» Work request: The output should contain the listing word for word and no pictures.

» Dataset excerpt:
____

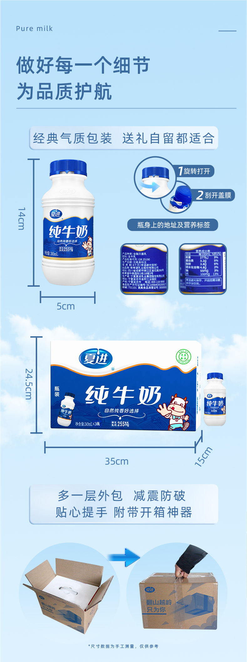 这款夏进 全脂纯牛奶,每100ml牛奶中含能量 260KJ(3%)、蛋白质 3g(5%)、脂肪 3.5g(6%)、碳水化合物 4.7g(2%)、 钠 55mg(3%)、钙 100mg(13%),牛奶营养指标丰富、口感香醇浓郁,采用欧盟标准检测,食用健康安全。
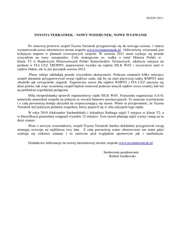 SEZON 2011. TOYOTA TERRATREK - NOWY WIZERUNEK, NOWE WYZWANIE Po zimowej przerwie zespół Toyota Terratrek przygotowuje się do nowego sezonu. 1 marca wystartowała nowa internetowa strona zespołu www.toyotaterratrek.pl. Odświeżony wizerunek jest kolejnym etapem w planach rozwojowych zespołu. W sezonie 2011 team szykuje się przede wszystkim na trasy europejskie. Cele strategiczne to: walka o tytuł Mistrza Polski w klasie T2 w Rajdowych Mistrzostwach Polski Samochodów Terenowych, zdobycie miejsca na podium w FIA CEZ TROPHY, poprawienie wyniku na rajdzie SILK WAY i oczywiście start w rajdzie Dakar, ale to już początek sezonu 2012. Plany załogi zakładają przede wszystkim skuteczność. Podczas ostatnich kilku miesięcy zespół starannie przygotowywał swoje rajdowe cudo, tak by na start pierwszej rudny RMPST auto chodziło jak szwajcarski zegarek. Tegoroczny sezon dla rajdów RMPST i FIA CEZ zaczyna się dość późno, tak więc wcześniej zespół będzie trenował podczas innych rajdów cross country lub też na pobliskim (opolskim) poligonie. Miłą niespodziankę sprawili organizatorzy rajdu SILK WAY. Francuska organizacja A.S.O, umieściła samochód zespołu na jednym ze swoich banerów promocyjnych. To znaczne wyróżnienie i z całą pewnością dodaje skrzydeł na rozpoczynający się sezon. Warto tu przypomnieć, że Toyota Terratrek był jedynym polskim zespołem, który pojawił się w obu edycjach tego rajdu. W roku 2010 Aleksander Sachanbiński i Arkadiusz Rabiega zajęli 3 miejsce w klasie T2, a w klasyfikacji generalnej osiągnęli wysokie 12 miejsce. Tym razem planują zajść wyżej i mają na to duże szanse. Wraz z nowym wizerunkiem, zespół Toyota Terratrek bardzo dokładnie przygotował swoją strategię rozwoju na najbliższe trzy lata. Z całą pewnością warto obserwować ten team gdyż szykują się ciekawe zmiany i to zarówno pod względem sportowym jak i medialnym. Dodatkowe informacje na nowej internetowej stronie zespołu www.toyotaterratrek.pl. Serdecznie pozdrawiam Robert Godlewski
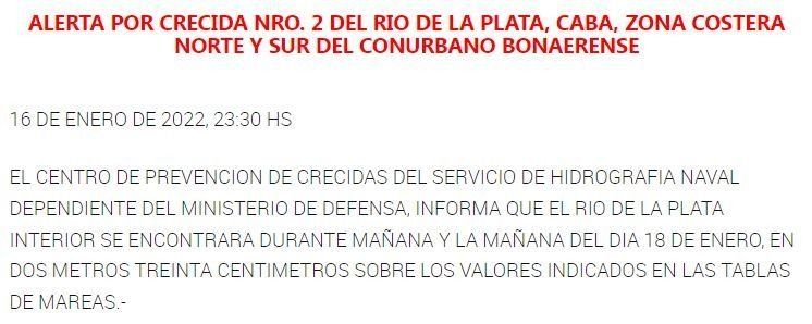 El Centro de Prevención de Crecidas del Servicio de Hidrografía Naval, informó que entre este lunes y martes, el río se encontrará en 2,30 metros por sobre los valores indicados en la tabla de mareas y alcanzaría una altura de hasta 3,20 metros alrededor de las 5.30 de la próxima jornada.

____

» Finished exercise:
 这款夏进 全脂纯牛奶,每100ml牛奶中含能量 260KJ(3%)、蛋白质 3g(5%)、脂肪 3.5g(6%)、碳水化合物 4.7g(2%)、 钠 55mg(3%)、钙 100mg(13%),牛奶营养指标丰富、口感香醇浓郁,采用欧盟标准检测,食用健康安全。
 SEZON 2011. TOYOTA TERRATREK - NOWY WIZERUNEK, NOWE WYZWANIE Po zimowej przerwie zespół Toyota Terratrek przygotowuje się do nowego sezonu. 1 marca wystartowała nowa internetowa strona zespołu www.toyotaterratrek.pl. Odświeżony wizerunek jest kolejnym etapem w planach rozwojowych zespołu. W sezonie 2011 team szykuje się przede wszystkim na trasy europejskie. Cele strategiczne to: walka o tytuł Mistrza Polski w klasie T2 w Rajdowych Mistrzostwach Polski Samochodów Terenowych, zdobycie miejsca na podium w FIA CEZ TROPHY, poprawienie wyniku na rajdzie SILK WAY i oczywiście start w rajdzie Dakar, ale to już początek sezonu 2012. Plany załogi zakładają przede wszystkim skuteczność. Podczas ostatnich kilku miesięcy zespół starannie przygotowywał swoje rajdowe cudo, tak by na start pierwszej rudny RMPST auto chodziło jak szwajcarski zegarek. Tegoroczny sezon dla rajdów RMPST i FIA CEZ zaczyna się dość późno, tak więc wcześniej zespół będzie trenował podczas innych rajdów cross country lub też na pobliskim (opolskim) poligonie. Miłą niespodziankę sprawili organizatorzy rajdu SILK WAY. Francuska organizacja A.S.O, umieściła samochód zespołu na jednym ze swoich banerów promocyjnych. To znaczne wyróżnienie i z całą pewnością dodaje skrzydeł na rozpoczynający się sezon. Warto tu przypomnieć, że Toyota Terratrek był jedynym polskim zespołem, który pojawił się w obu edycjach tego rajdu. W roku 2010 Aleksander Sachanbiński i Arkadiusz Rabiega zajęli 3 miejsce w klasie T2, a w klasyfikacji generalnej osiągnęli wysokie 12 miejsce. Tym razem planują zajść wyżej i mają na to duże szanse. Wraz z nowym wizerunkiem, zespół Toyota Terratrek bardzo dokładnie przygotował swoją strategię rozwoju na najbliższe trzy lata. Z całą pewnością warto obserwować ten team gdyż szykują się ciekawe zmiany i to zarówno pod względem sportowym jak i medialnym. Dodatkowe informacje na nowej internetowej stronie zespołu www.toyotaterratrek.pl. Serdecznie pozdrawiam Robert Godlewski
 El Centro de Prevención de Crecidas del Servicio de Hidrografía Naval, informó que entre este lunes y martes, el río se encontrará en 2,30 metros por sobre los valores indicados en la tabla de mareas y alcanzaría una altura de hasta 3,20 metros alrededor de las 5.30 de la próxima jornada.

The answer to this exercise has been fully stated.